Regulating Short-Term Rentals: Towards Data-Driven Policymaking?
Study funded by eu travel tech and carried out by Professor of Law Christoph Busch analyses local market restrictions on STR services across the EU. It concludes that the availability of STR data will likely drive local policymaking towards a more targeted and evidence-based approach.
Ahead of the adoption at EU level of the Regulation on-short-term rentals (STRs), today, eu travel tech releases the study “Regulating Short-Term Rentals: Towards Data-Driven Policymaking?”. The study sheds light on the different approaches taken by Member States to regulate STRs and answers questions related to these measures’ proportionality and compatibility with EU law. Further, it anticipates that the STR data collected following the application of the new EU Regulation will lead some Member States to reconsider their approach to STRs in favour of more targeted and evidence-based policies.

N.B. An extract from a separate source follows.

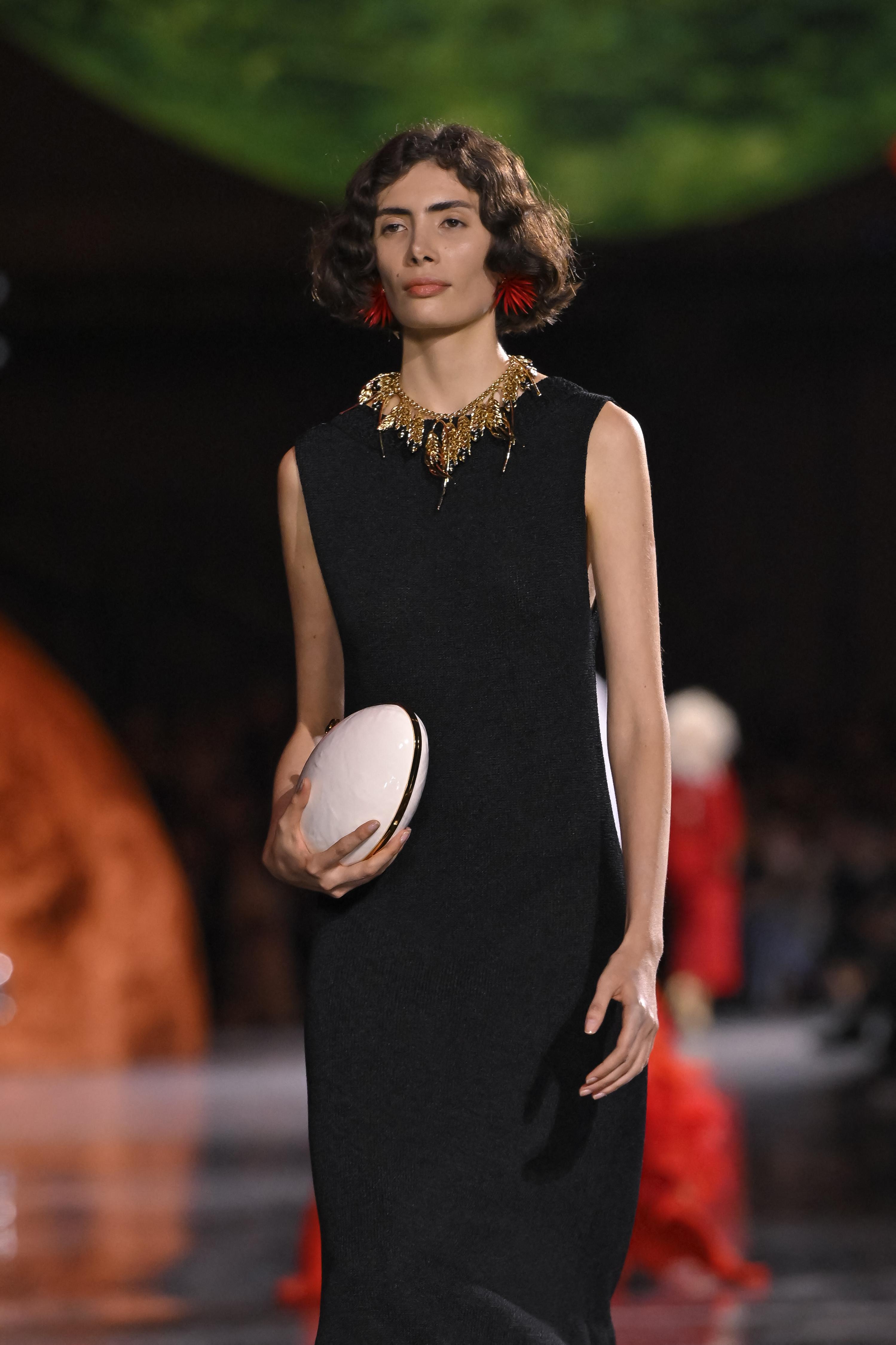 Четкие формы никуда не исчезают, но приобретают более скульптурный характер. Клатчи в форме эллипса, яйца или круга выглядят как арт-объекты и сразу задают высокий градус образу. Такие сумки чаще всего небольшие, но именно они способны сделать даже самый простой наряд более собранным и продуманным.

STRs represent 25% of the total supply of tourist accommodation in the EU. The benefits and challenges that these types of accommodations bring have been extensively discussed in recent years. The study analyses market access restrictions imposed on STRs services at the national, regional and local level in response to the emerging challenges: from outright bans to quotas and limits to the number of nightly stays allowed per STR. The picture is one of a myriad of different requirements emerging across the EU and highly fragmented approaches when it comes to regulating the STR tourism economy.
The local regulation of STR activity is underpinned by key EU principles. The EU Services Directive, which seeks to facilitate the freedom of establishment for service providers and the free movement of services in the EU, protects STR providers against discriminatory and disproportionate market access restrictions. However, as the Services Directive is a horizontal instrument, which applies across a broad range of different sectors, it does not provide any specific rules tailored to STR activities.
As the study highlights, the CJEU Cali Apartments ruling has contributed to clarifying some legal questions regarding the regulation of STR providers and the application of the Services Directive to the STR sector. In this regard, a total ban on STRs can only be seen as a justifiable measure in very exceptional circumstances. Totals bans have been introduced for example in Nice, Amsterdam and Barcelona and have in several cases been declared illegal by courts. “If granular data on STR activity is available under the planned STR Regulation, a blanket ban of all STRs across several districts can no longer be considered,” says the study. With regard to quantitative restrictions, the study highlights that they can only be a measure of last resort. Quotas, for instance, should only be applied if there is clear evidence that other measures have failed to protect public interest objectives.
The study stresses that the requirements for justifying market access restrictions will increase once the planned STR Regulation takes effect. “Public authorities will have to implement a more data-driven approach to STR regulation that is based on up-to-date market data and thus more responsive to the dynamic development of the STR market,” concludes the study.
The study is the result of independent research funded by eu travel tech and conducted by Professor Christoph Busch, Professor of Law at the University of Osnabrück and Affiliated Fellow at the Yale Information Society Project.